--- Data for analysis Enclosed Below ---

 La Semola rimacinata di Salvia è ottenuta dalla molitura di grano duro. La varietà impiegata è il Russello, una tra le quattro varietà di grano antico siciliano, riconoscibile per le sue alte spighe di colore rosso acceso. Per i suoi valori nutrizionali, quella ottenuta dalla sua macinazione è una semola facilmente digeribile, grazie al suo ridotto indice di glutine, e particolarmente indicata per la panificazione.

--- End of Enclosed Data for analysis ---
--- Data for analysis Enclosed Below ---

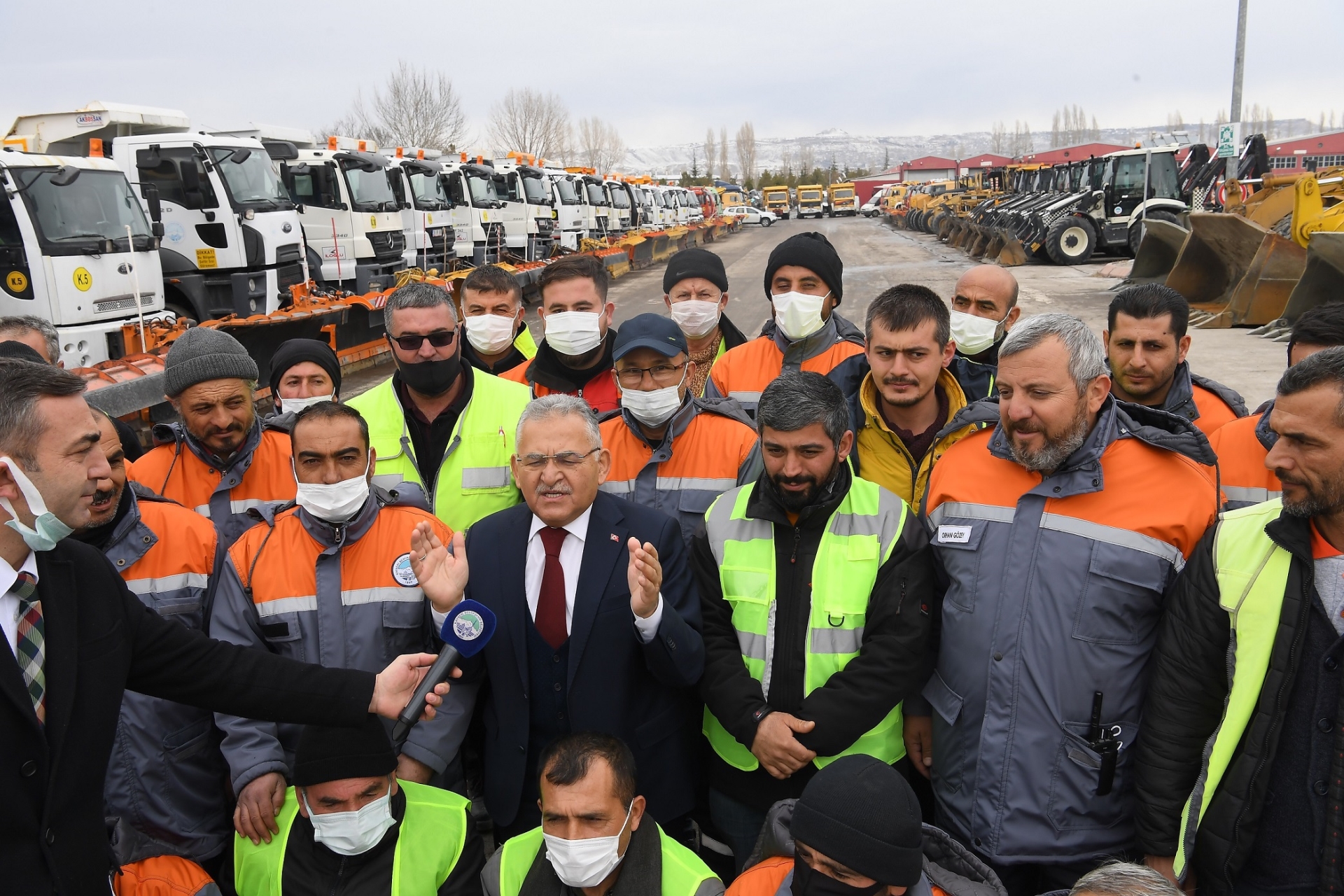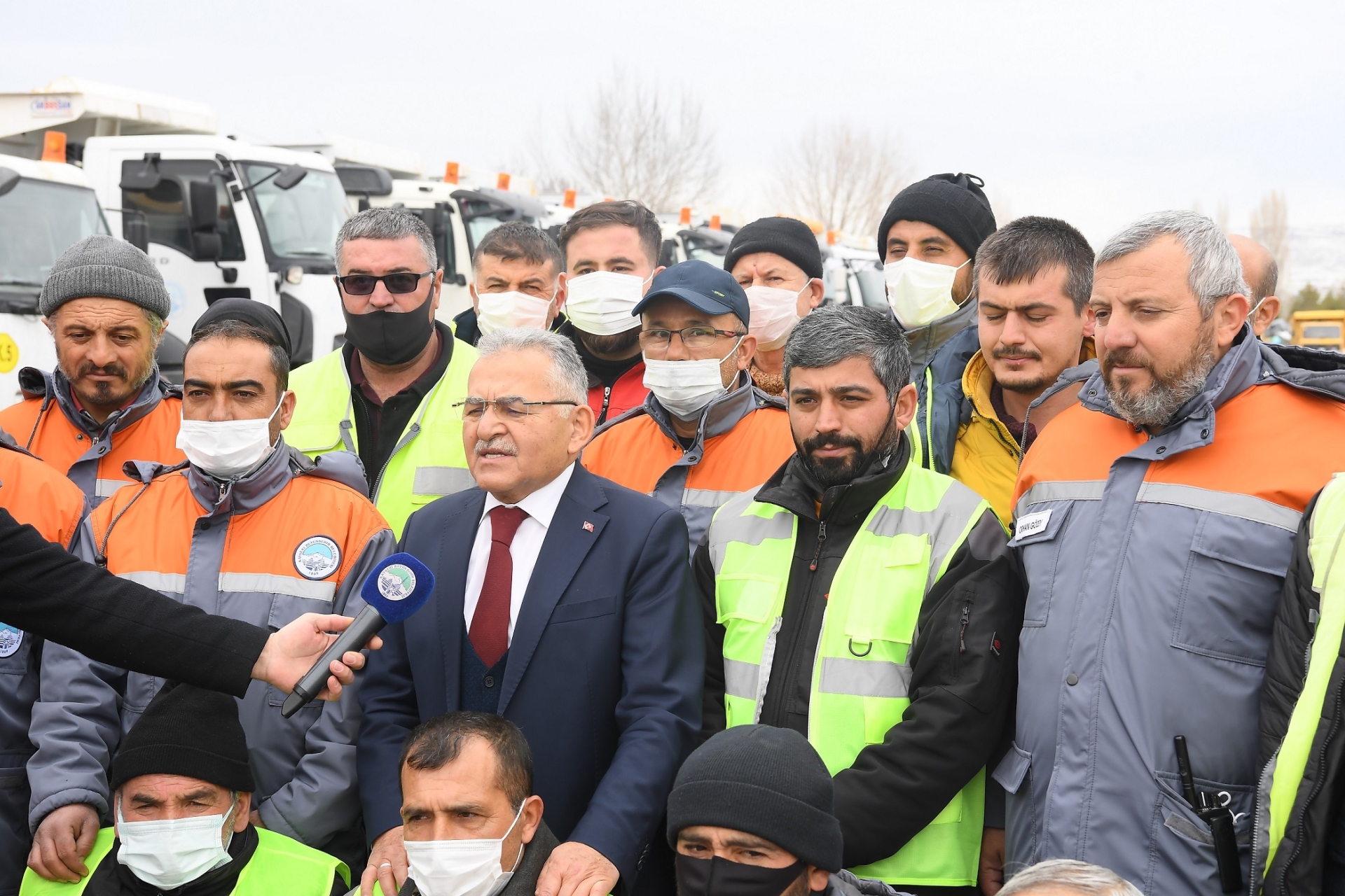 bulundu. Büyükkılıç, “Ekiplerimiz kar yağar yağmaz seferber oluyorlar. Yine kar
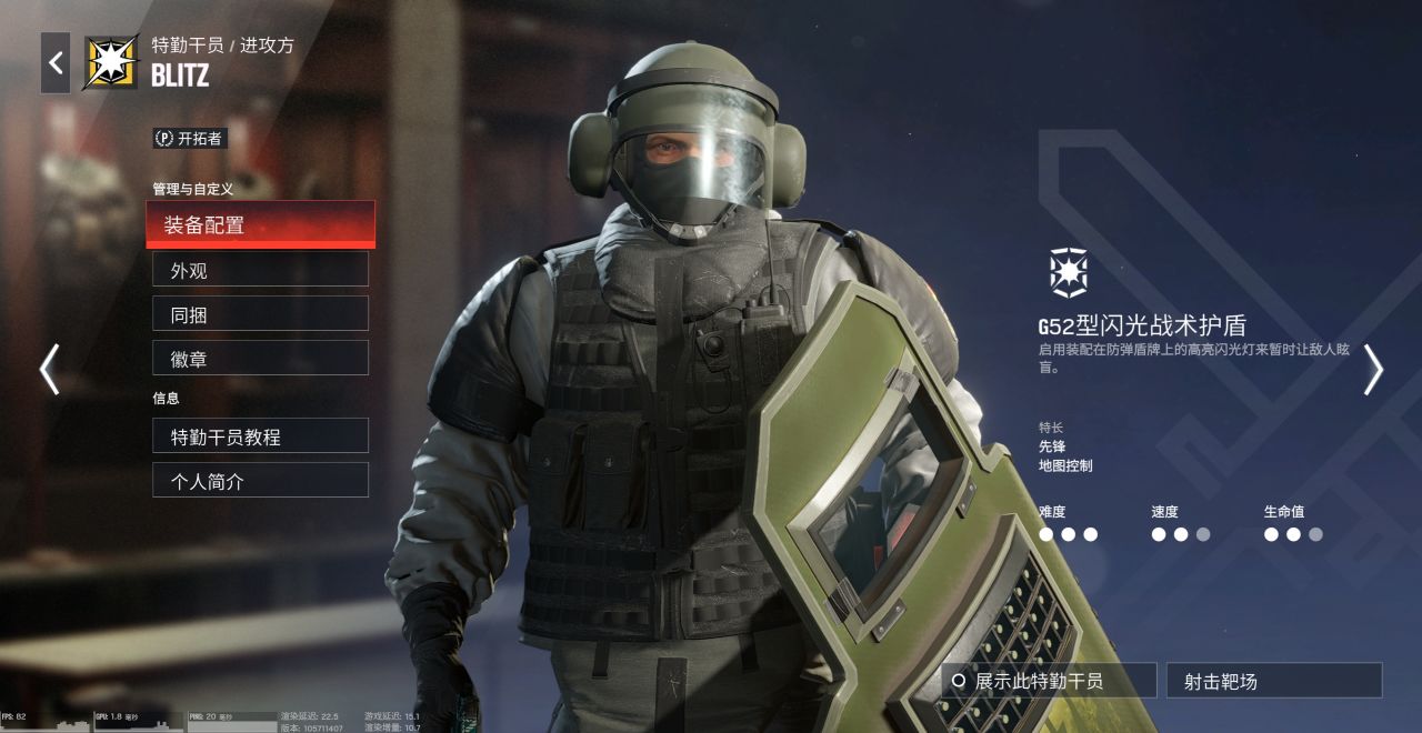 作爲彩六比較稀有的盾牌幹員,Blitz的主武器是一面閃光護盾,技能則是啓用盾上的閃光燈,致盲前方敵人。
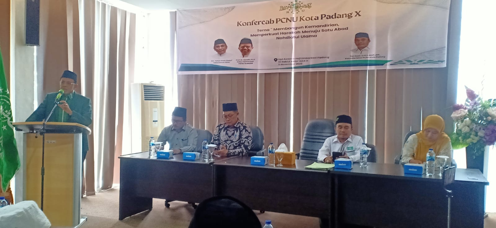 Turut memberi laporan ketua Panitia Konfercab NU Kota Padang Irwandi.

--- End of Enclosed Data for analysis ---

Task
Above, find the line with "作爲彩六比較稀有的盾牌幹員,Blitz的"; copy it and every line down to the line with "Turut memberi laporan", exactly and both included, but no pictures.

Written answer
 作爲彩六比較稀有的盾牌幹員,Blitz的主武器是一面閃光護盾,技能則是啓用盾上的閃光燈,致盲前方敵人。
 Turut memberi laporan ketua Panitia Konfercab NU Kota Padang Irwandi.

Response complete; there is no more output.